Hugh S. Calverley - A Man at War...
On His Majesty's Service
WWI Scrapbook - Hugh Salvin Calverley
WWI Scrapbook - Hugh Salvin Calverley Details
Letter – I hope Gran – March 2, 1915
O H M S brown envelope with stamps 12th Essex, White City


Dear Mum

I hope Gran tells you all the news. I go and see her as often as I can, two or three times a weeks as I am at presently at the Chelsea School of Instruction, scratching away at a course on Signalling. We work in Battersea Park and near the barracks at morse, semaphore, flag, lamp, buzzer. There are some very good instructors here, lovely form in sending. It’s a joy to watch them send, as … as toast with a rhythm to it.

Dad is kicking up at Mab’s. I went down for the weekend. Last Sunday I went to kirk with Gran, lunch with Sybil, tea with Lady Sendel. Capt. Fielding is on the searchlights that guard London. They watch for aircraft all night. There were 4 or 5 others in for tea. Mona Calverley is staying with her, waiting for her brother Geoffrey to come back for a leave. He is 19; she is 23, very plain and quiet. He never writes, 2 in 3 months, which must be a worry for her.

Lady Sendel was very nice. She was so pleased about Gardener. She had heard from his son and Pa about how much he had enjoyed staying at Box 141. Horace is in bed with flu, Gran very fit. Viola near Haslemere and fit.

You remember you said the feet ought to be made to move? They ought to have been, and are being done now, the underneath ligaments were stretched and the muscles weakened by fever. They will be fit pretty soon, then the plates are got rid of, Your instinct was right. I run about with a Sussex man, Robertson, and Morely, also Barker, Meynall and Goddard, as nice a lot of men as you could find anywhere, clean, straight, and the right sort. It turned out right about Cambridge. I am with the right people now by quite a different path, only hope they and I stay in the same Battalion.

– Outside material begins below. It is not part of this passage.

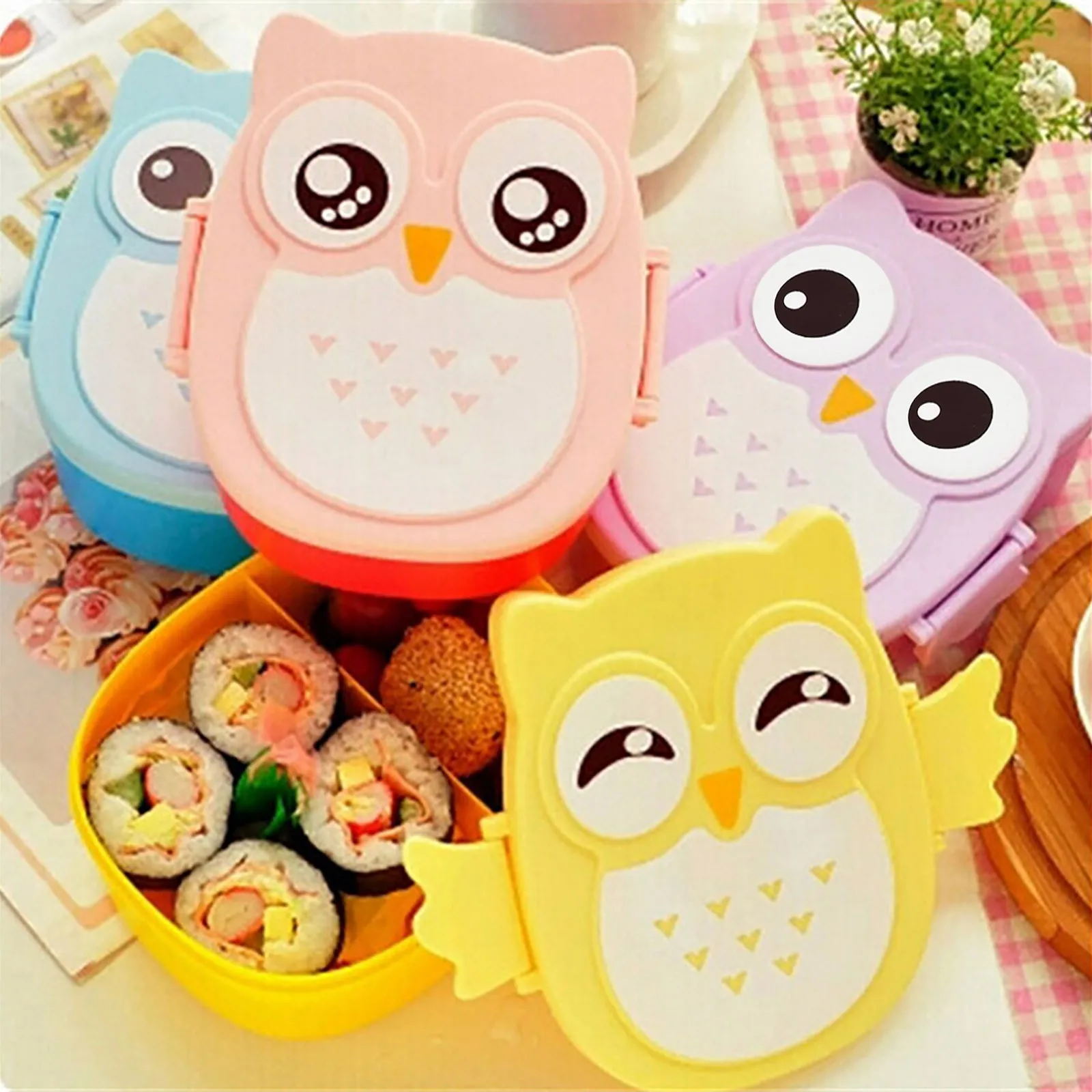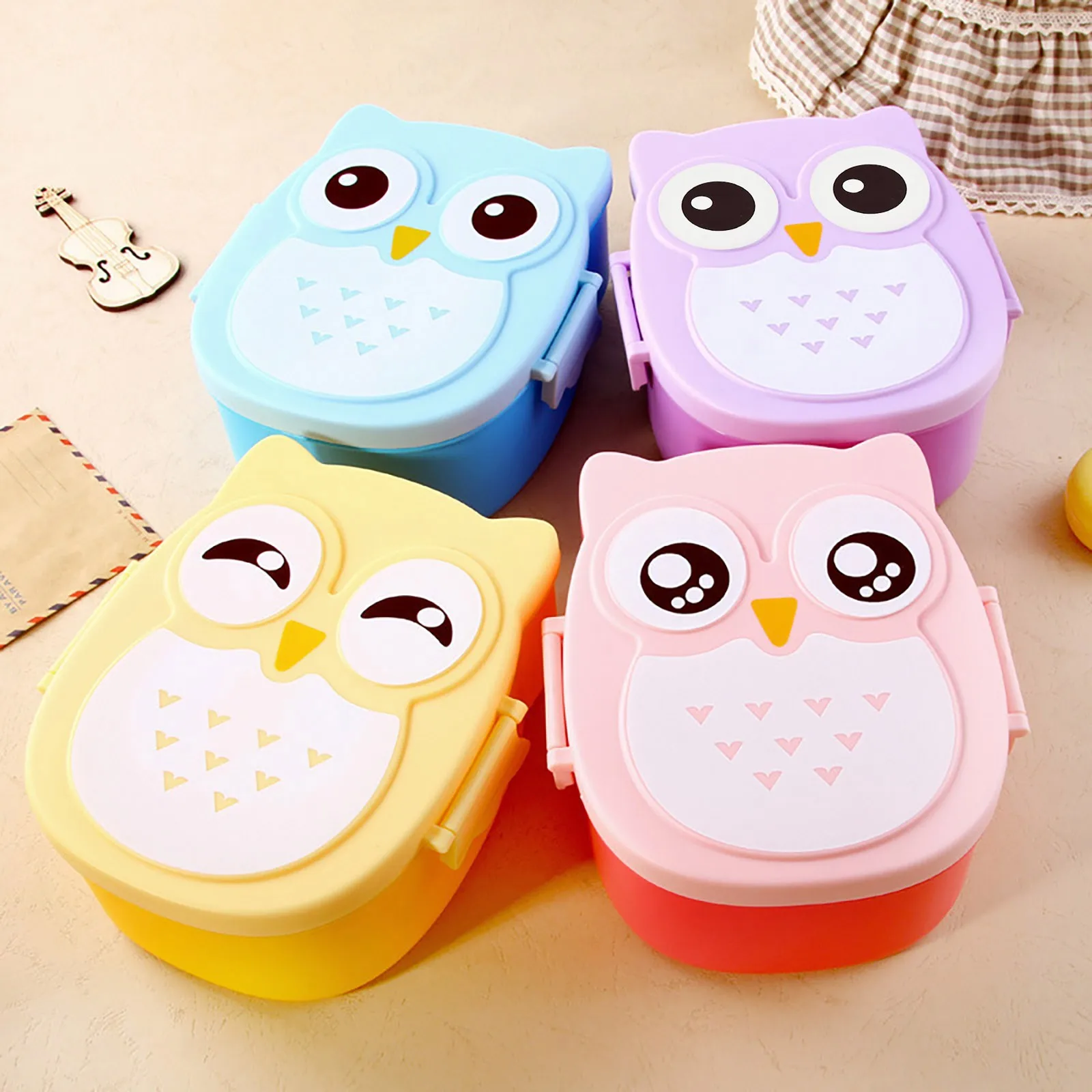 Ланч-бокс с милой мультяшной совой, контейнер для еды, Портативный Ланч-бокс для детей, студентов, контейнер с отделениями, чехол
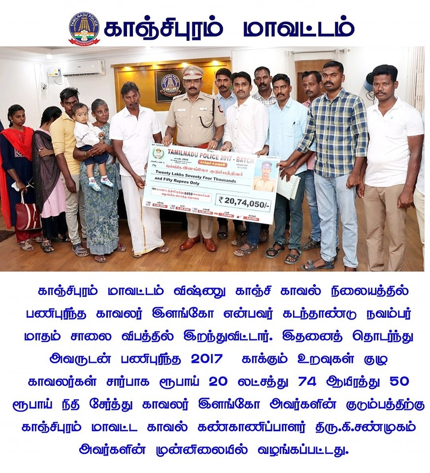 காஞ்சிபுரம் மாவட்டம் விஷ்ணு காஞ்சி காவல் நிலையத்தில் பணிபுரிந்த காவலர் இளங்கோ என்பவர் கடந்தாண்டு நவம்பர் மாதம் சாலை விபத்தில் இறந்துவிட்டார். இது தொடர்பாக காவலர் இளங்கோ அவர்களின் குடும்பத்திற்கு அவருடன் பணிபுரிந்த 2017 காக்கும் உறவுகள் குழு காவலர்கள் சார்பாக ரூபாய் 20 லட்சத்து 74 ஆயிரத்து 50 ரூபாய் நிதி சேர்த்து காவலர் இளங்கோ அவர்களின் குடும்பத்திற்கு காஞ்சிபுரம் மாவட்ட காவல் கண்காணிப்பாளர் சண்முகம் முன்னிலையில் காவலர்கள் கமல்ராஜ், விக்னேஷ், தமிழ் குமரன், மற்றும் செல்வ குமார் சேர்ந்து இளங்கோவின் குடும்பத்தினரிடம் ஒப்படைத்தனர்.

I went to early with Gran last Sunday. Her memory is perfect, so is her power of reasoning, about the war and anything else. She is as sharp as a needle. I get her to draw up all my formal thank and acceptance letters.

I went to a show with the Godman girls, Mrs. G, and a Miss Thynne, and snooty face Harry, a cousin, “the Man who Stayed at Home”. Mr. Godman was delighted to find, that like grandfather, I did not smoke, most unusual as nearly everyone does. He is very much the best of that bunch all round. He called on Gran the other day in person.

I went to the Horticultural Show and ordered some roses for you to be sent as soon as poss. so get the ground manured and dug for them: between 20 and 24 dwarfs, Hybrids, some H.I.’s. They will be a start for you to go on with. I must to bed. Remember the rose beds. They must be away from other plants, not mixed with annuals and other things which look pretty, but kill the roses. How about last year’s Aster patch? It ought to be in good condition.